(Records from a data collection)

══════════════════════════════

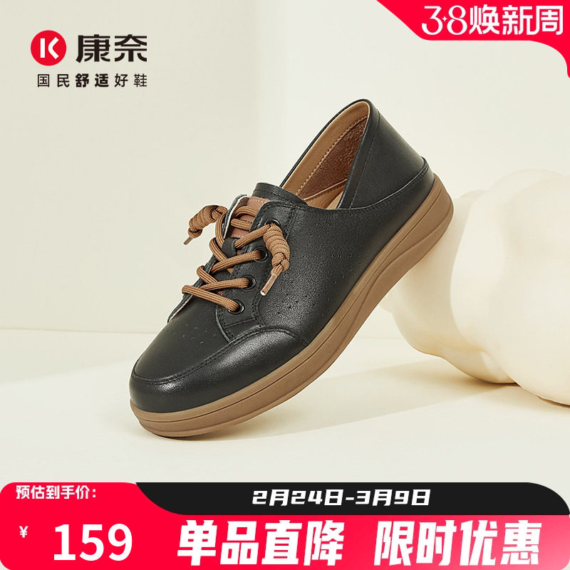 康奈时尚百搭休闲板鞋女平底透气真皮透气俩穿单鞋女小皮鞋阿甘鞋
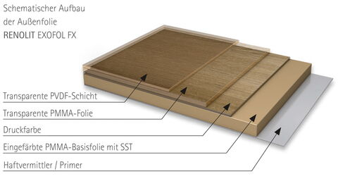 Die oberste Folienschicht ist dabei immer transparent und schützt Ihre Folie vor dem Verblassen durch UV-Strahlen. Die unterste Folie besteht meist aus einem Haftvermittler damit die Folie unproblematisch an den Rahmen geklebt werden kann. In der Mitte befindet sich Ihre gewünschte Dekor-Folienfarbe. Alle weiteren Folien-Schichten unterscheiden sich je nach Produkt-Serie.
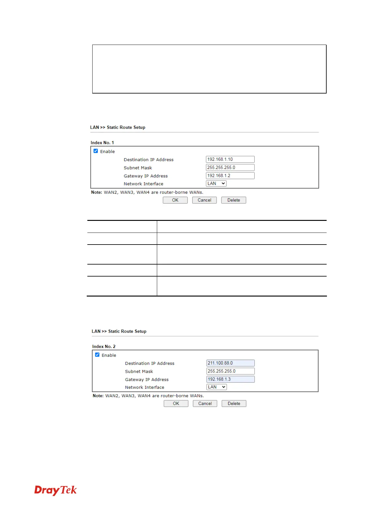 3. Return to Static Route Setup page. Click on another Index Number to add another
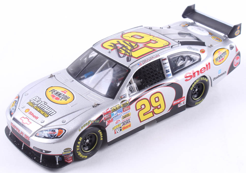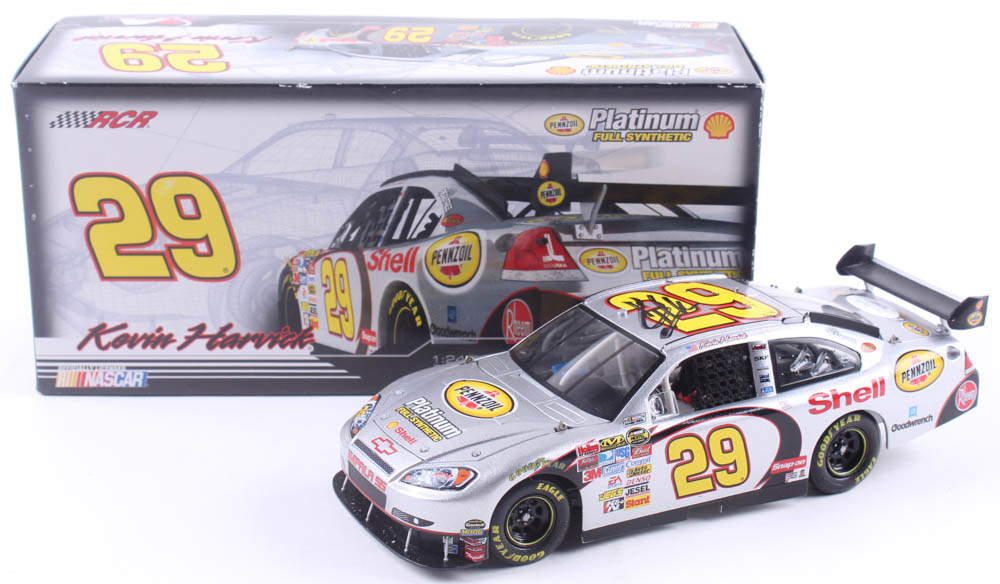 Kevin Harvick #29 Shell 2007 Impala SS COT 1:24 Die-Cast Car has been hand-signed in black felt-tip pen by Kevin Harvick. The car is limited edition #/2,700.
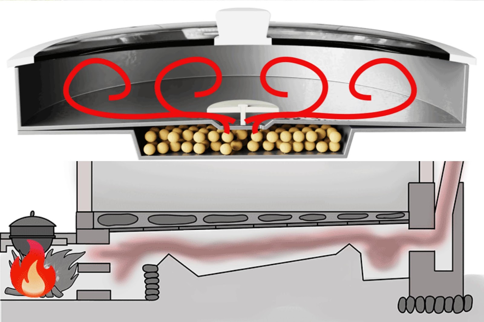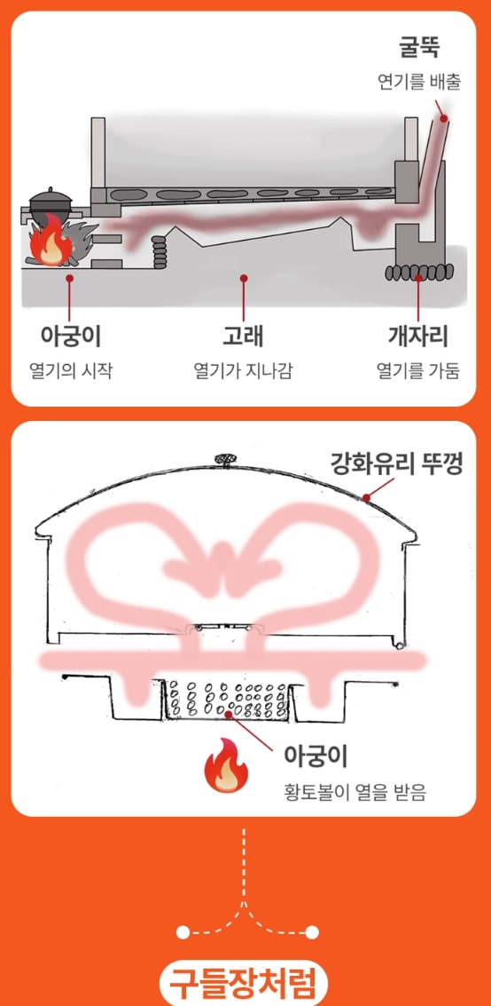 이승환: 맛있는 원리를 좀 구체적으로 풀어주신다면?손병호: 아까 이중 구조라고 말씀드렸잖아요. 상부가 구들판이고 하부가 아궁이에요. 먼저 아궁이에 불을 붙이면 그 안에 있는 황토볼들이 열기를 머금습니다. 그 열이 구들판의 중앙에 뚫려있는 작은 열기 유입부들을 통해 위로 퍼져나가요. 그렇게 올라온 열기가 위에 덮인 뚜껑에 막혀서 열기가 오븐처럼 대류하는 원리인 거죠.
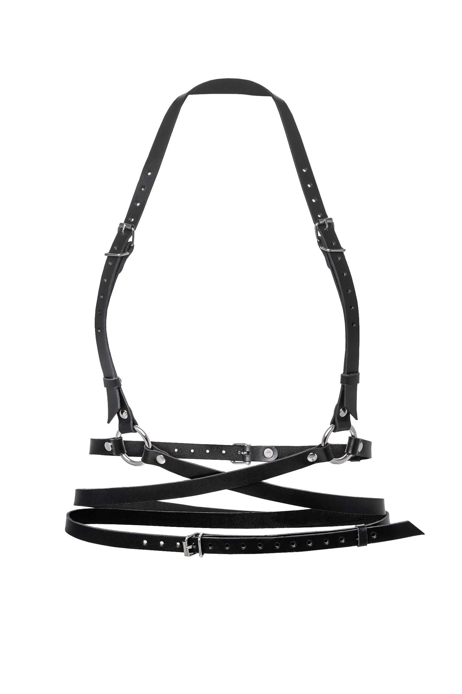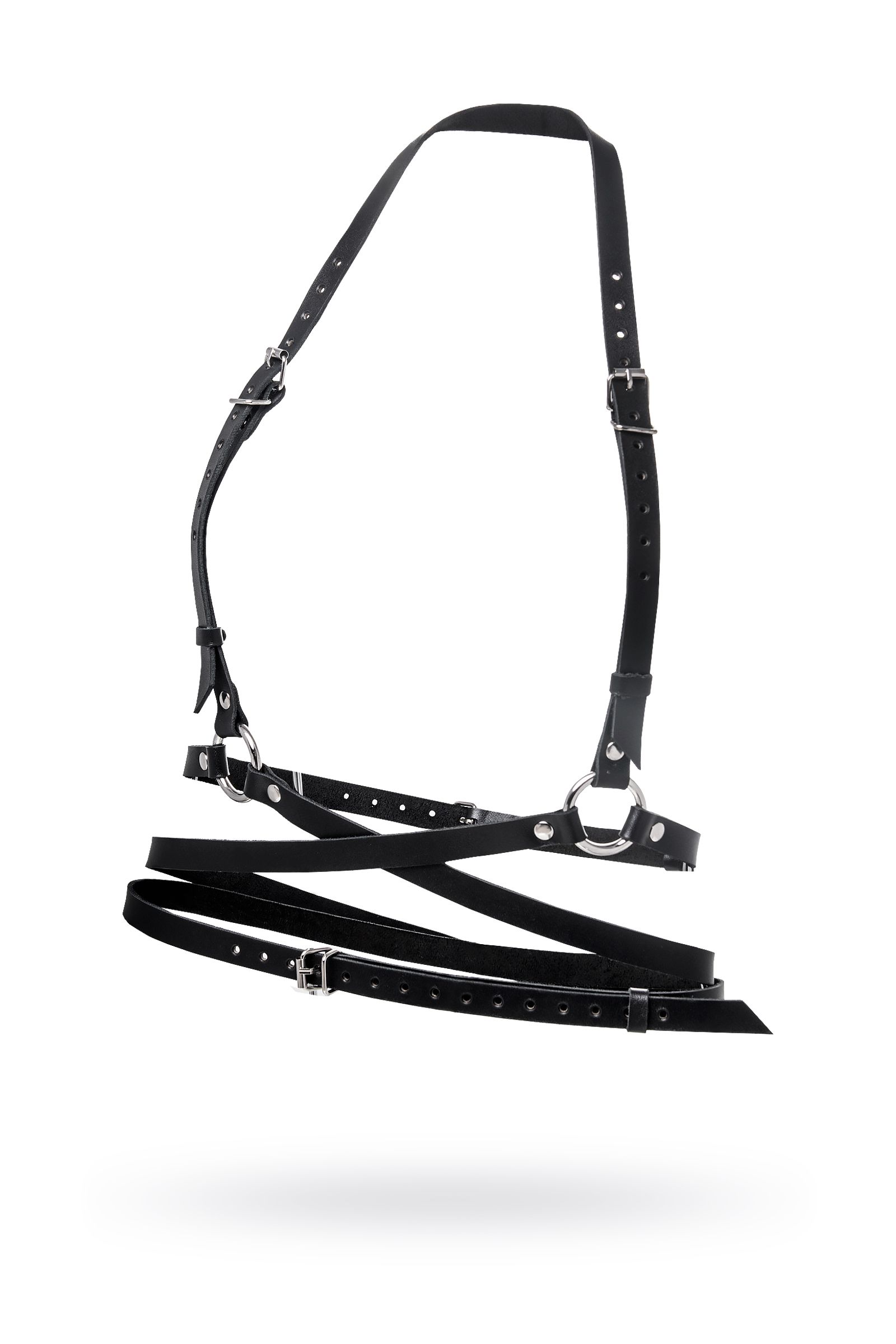 Добавьте дерзких нот в Ваш образ, с портупеей от Pecado. Она — надежный и крепкий атрибут для ролевых игр и жестких БДСМ-сессий. Аксессуар выполнен полностью из натуральной, черной кожи вручную. Материал обладает повышенной износостойкостью. Портупея тактильно приятная, плотно прилегает и комфортно сидит на теле. Каждый ремешок в меру мягкий и эластичный. Высота посадки портупеи регулируется с помощью застежки. Благодаря перекрестной обвязке на талии, аксессуар акцентирует внимание на талии и подчеркивает достоинства стана. Вся металлическая фурнитура выполнена из материалов высокого качества. Спереди, в области пояса, ремешки соединены металлическими кольцами. К ним можно присоединять и другие аксессуары. Портупею можно носить как на обнаженном теле, подчеркивая все достоинства фигуры, так и поверх нижнего белья, и одежды. Подходит для любителей сдержанного, минималистичного стиля.

══════════════════════════════

* _WHAT THIS TASK INVOLVES_
What the answer must hold is the exact text of every line from the one containing "Kevin Harvick #29" through the end of the data, minus any pictures.

* _OUTPUT OF THE TASK_
 Kevin Harvick #29 Shell 2007 Impala SS COT 1:24 Die-Cast Car has been hand-signed in black felt-tip pen by Kevin Harvick. The car is limited edition #/2,700.
 이승환: 맛있는 원리를 좀 구체적으로 풀어주신다면?손병호: 아까 이중 구조라고 말씀드렸잖아요. 상부가 구들판이고 하부가 아궁이에요. 먼저 아궁이에 불을 붙이면 그 안에 있는 황토볼들이 열기를 머금습니다. 그 열이 구들판의 중앙에 뚫려있는 작은 열기 유입부들을 통해 위로 퍼져나가요. 그렇게 올라온 열기가 위에 덮인 뚜껑에 막혀서 열기가 오븐처럼 대류하는 원리인 거죠.
 Добавьте дерзких нот в Ваш образ, с портупеей от Pecado. Она — надежный и крепкий атрибут для ролевых игр и жестких БДСМ-сессий. Аксессуар выполнен полностью из натуральной, черной кожи вручную. Материал обладает повышенной износостойкостью. Портупея тактильно приятная, плотно прилегает и комфортно сидит на теле. Каждый ремешок в меру мягкий и эластичный. Высота посадки портупеи регулируется с помощью застежки. Благодаря перекрестной обвязке на талии, аксессуар акцентирует внимание на талии и подчеркивает достоинства стана. Вся металлическая фурнитура выполнена из материалов высокого качества. Спереди, в области пояса, ремешки соединены металлическими кольцами. К ним можно присоединять и другие аксессуары. Портупею можно носить как на обнаженном теле, подчеркивая все достоинства фигуры, так и поверх нижнего белья, и одежды. Подходит для любителей сдержанного, минималистичного стиля.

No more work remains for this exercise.